Results: Average daily gain was greater (P<.001) for gilts raised in AIAO versus CF facilities, but was not significantly greater for vaccinates than nonvaccinates. Feed:gain ratios were similar among AIAO and CF gilts, with or without vaccination. Gilts reared in AIAO facilities tended (P=.08) to reach 104.5 kg (230.4 lb) bodyweight (BW) in fewer days than those raised in CF facilities (172 versus 180 days) and than those gilts that were not vaccinated (173 versus 179 days; [P =.07]). Fewer lung lesions were present in AIAO gilts than in CF gilts (P <.001). Vaccination did not reduce (P=.15) prevalence of lesions in either environment. Antibody titer of M. hyopneumoniae and A. pleuropneumoniae were positively correlated (P<.05) with severity of lung lesions at slaughter but no relationship (P>.05) was found between antibody titer and days-to-104.5 kg (230.4 lb) BW. Neither animal flow strategy (AIAO versus CF) nor vaccination affected (P>.05) ovarian weight, uterine weight or length, or percentage of gilts cycling after exposure to boars.
Implications: Lung lesions detected at slaughter were less numerous and growth of gilts was improved by using AIAO facilities rather than CF facilities. Vaccination of gilts against Mycoplasma hyopneumoniae did not produce significant benefits.
Keywords: swine, gilts, all-in-all-out (AIAO), lean weight, lung lesions, mycoplasmal pneumonia, puberty
Received: December 23, 1997 Accepted: July 10, 1998
Eenzootic pneumonia associated with Mycoplasma hyopneumoniae and Pasteurella multocida is the most costly respiratory disease in the swine industry.1 Depending upon the prevalence and severity of the infection, this disease can compromise feed consumption and weight gain, resulting in reduced growth performance.1 Previous studies have shown that vaccination against M. hyopneumoniae reduces the severity of lung lesions detected at slaughter and improves feed efficiency and average daily weight gain (ADG) during the finishing phase.2
Using all-in-all-out (AIAO) strategies to rear nursery and grow-finish pigs has improved rate of gain and shortened days to market.3 All-in-all-out interrupts the cycle of pathogen transmissions from older pigs to younger pigs, and allows the producer to tailor environmental conditions to a uniform population of pigs and to clean the facilities between groups of pigs. The economic benefits of converting or remodeling buildings from conventional continuous-flow (CF) design to AIAO production have been estimated at $1.31 per hog sold.4
Growing gilts exposed to moderate aerial concentrations of ammonia (35 ppm) have been observed to have reduced growth performance.5 The objectives of the study reported here were to determine whether health, reproductive, and lean growth performance were improved in gilts reared in a moderate aerial ammonia atmosphere in AIAO versus CF facilities and vaccinated against M. hyopneumoniae.
All gilts that participated in the study were obtained from a herd free from pseudorabies virus (PRV), swine influenza virus (SIV), and transmissible gastroenteritis virus (TGEV), but seropositive for subclinical porcine reproductive and respiratory syndrome virus (PRRSV). Previous slaughter checks from this herd indicated that the pigs were positive for Mycoplasma hyopneumoniae, Actinobacillus pleuropneumoniae, and Pasteurella multocida.
Thirty-six gilts (Yorkshire x Hampshire x Chester White) were weaned at 28 days of age (week 0 of the study) into a nursery facility at Purdue University's Animal Sciences Swine Research Center (Figure 1). In the first replication, half of the gilts were randomly assigned to VAC treatment and received an IM injection of 2 mL of M. hyopneumoniae vaccine (RespiSure(R), Pfizer AHG, Exton, Pennsylvania) in the neck at 1 and 4 weeks of age. The other half were designated NONVAC gilts and received no injection.
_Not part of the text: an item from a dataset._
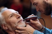Zdjęcie "Afrykański amerykański charakteryzator w masce medycznej i rękawiczkach lateksowych nakładających proszek do twarzy na biznesmena w pobliżu rozmytego aparatu cyfrowego" może być wykorzystywane do celów osobistych i komercyjnych zgodnie z warunkami zakupionej licencji Royalty-free. Obraz jest dostępny do pobrania w jakości wysokiej rozdzielczości do 5760x3840.

There were three additional replications of this study. Additional gilts were weaned monthly into the nursery and randomly allocated to one of the vaccination treatments so that over the course of the entire study (four replications), the number of VAC gilts equaled the number of NONVAC gilts.
When they reached approximately 2.5 months of age (week 8 for the first replication), gilts in the nursery were injected with ivermectin (Ivomec(R), Merck and Co., Rahway, New Jersey) and moved to one of two grow/finish rooms. One room was designated the AIAO room, and received 27 randomly selected gilts (15 VAC gilts and 12 NONVAC) (nine pens with three gilts per pen) (Figure 1). The other room was designated the CF room, and (in the first replication) received three VAC gilts and six NONVAC gilts. One month later (week 13 of the study), nine 2.5-month-old gilts from the nursery (six VAC and three NONVAC) were moved to the CF room. In week 17, nine more 2.5-month-old gilts (three VAC and six NONVAC) were added from the nursery to fill the pens in the CF room (Figure 1).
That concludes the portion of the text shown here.